Keloğlan derin değildir geçebilirsin der. Adam Keloğlan'a güvenerek suya ciple girer. Cip bir anda sulara gömülür. Sırılsıklam sudan çıkan adam Keloğlan'ın yakasına yapışır. "Hani derin değildi?"
Keloğlan Ağabey vallahi benim suçum yok. Demin bir ördek geçiyordu su ancak beline geliyordu...
Genelleme yaparız ve olaylara düz mantıkla bakarız. Yanlış varsayımlar her başarısızlığın temelinde yatar.
HAYVANAT BAHÇESİNDEKİ tek kangurunun kapatıldığı yerden çıkıp bahçede dolaştığını gören yetkililer hemen bir önlem alırlar. Kangurunun zıplama yeteneğini bildiklerinden, onun bulunduğu bölümün çevresindeki tel örgü duvarı iki metre daha yükseltirler.
Sabah uyandıklarında kangurunun yine dışarı çıktığını, hayvanat bahçesindeki yollarda gezdiğini görürler. Yetkililer aldıkları önlemin yetersiz olduğunu düşünerek, tel örgünün boyunu yine yükseltirler.
Ertesi sabah, kanguru hayvanat bahçesinde yine özgürce dolaşır. Başka bir önlem düşünemeyen yetkililer tel örgünün boyunu yine yükseltirler.
Hayvanat Bahçesinde kangurunun yanındaki bölümde kalan deve, komşusunun tel duvarının yükseltilmesi karşısında daha fazla dayanamaz ve sorar. Kanguru kardeş bu durumun sonu ne olacak böyle?
Senin bölümde tel örgünün devamlı yükseltilmesi ne zamana kadar sürecek?
Kanguru bir yandan gülerken bir yandan da cevap verir. Yetkililer bahçe kapısını geceleri kilitlemeyi öğrenene kadar. (Cengiz ERŞAHİN)...
Dikkat etmezsek, farklı düşünmezsek en büyük düşmanlarımız olan endişe, şüphe ve korku zihnimizi kemirmeye başlar. Yaşama sevincimizi ve coşkumuzu yok eder.
Başarı ve mutluluk yolunda onlara karşı savaşmalıyız. Onları tamamen yok edemeyiz. Ama, kontrol altına alabilir. Yaşamımıza olumsuz etki eden baskın duygular olmaktan çıkarabiliriz.
EFLÂTUN'a sormuşlar...
İNSANOĞLUNUN SİZİ EN ÇOK ŞAŞIRTAN DAVRANIŞLARI NELERDİR?

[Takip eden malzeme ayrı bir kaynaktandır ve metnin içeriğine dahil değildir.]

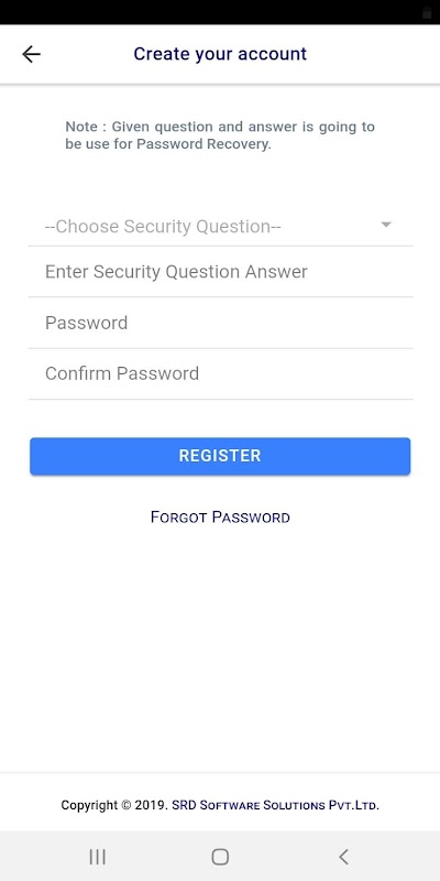 **Note : We don't store your data on any online server. We use your local device storage. So please remember or note down your security question while creating user for recover forgot password.

Çocukluktan sıkılırlar ve büyümek için acele ederler. Ne var ki, çocukluklarını özlerler. Para kazanmak için sağlıklarını yitirirler. Ama, sağlıklarını geri almak için de para öderler.
Yarından endişe ederken bugünü unuturlar, Dolayısıyla ne bugünü, ne de yarını yaşarlar. Hiç ölmeyecek gibi yaşarlar, ancak hiç yaşamamış gibi de ölürler. Yaşamı bekletemezsiniz, yaşam sizi beklemez...

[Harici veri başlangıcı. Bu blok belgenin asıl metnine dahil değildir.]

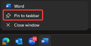 You can drag and drop applications such as Word, PowerPoint etc to the taskbar for easy access in future or simply right click the icon and select “Pin to taskbar” when the application is open.
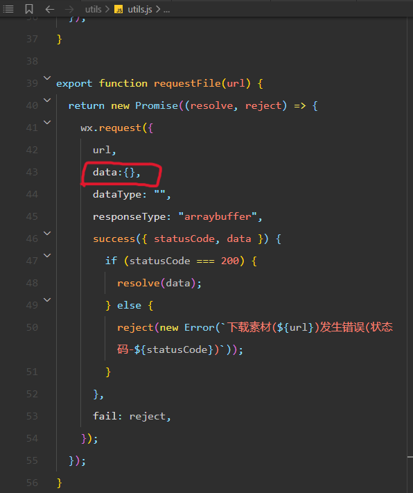 这里少写了个data:{},

Her zaman farklı düşünmeli ve farklı bir yol bulmalıyız. Birisi nasılsın dediğinde cevabımız İdare eder, fena değil, havamda değilim, hiç sorma. Veya daha çok büyüklerimizin söylediği gibi, iyi diyelim, iyi olalım olur.
İyi olduğumuzu dile getirirken kelimelerin gücünden yararlanabiliriz. Çok iyi, harika, daha iyi olamazdım diyebiliriz. Coşkulu ve istekliysek sabah kalktığımızda günümüzün iyi olacağını düşünebiliriz.
Ruhumuzu güçlendirirken, bundan sonraki yaşamımız için heyecan ve coşku duymaya, farklı düşünmeye karar vermeliyiz. Bu karar bizleri farklı yerlere taşır. Yürekten arzulamak her başarının başlangıç noktasıdır.
Farklılıkları farketmemiz dileğiyle.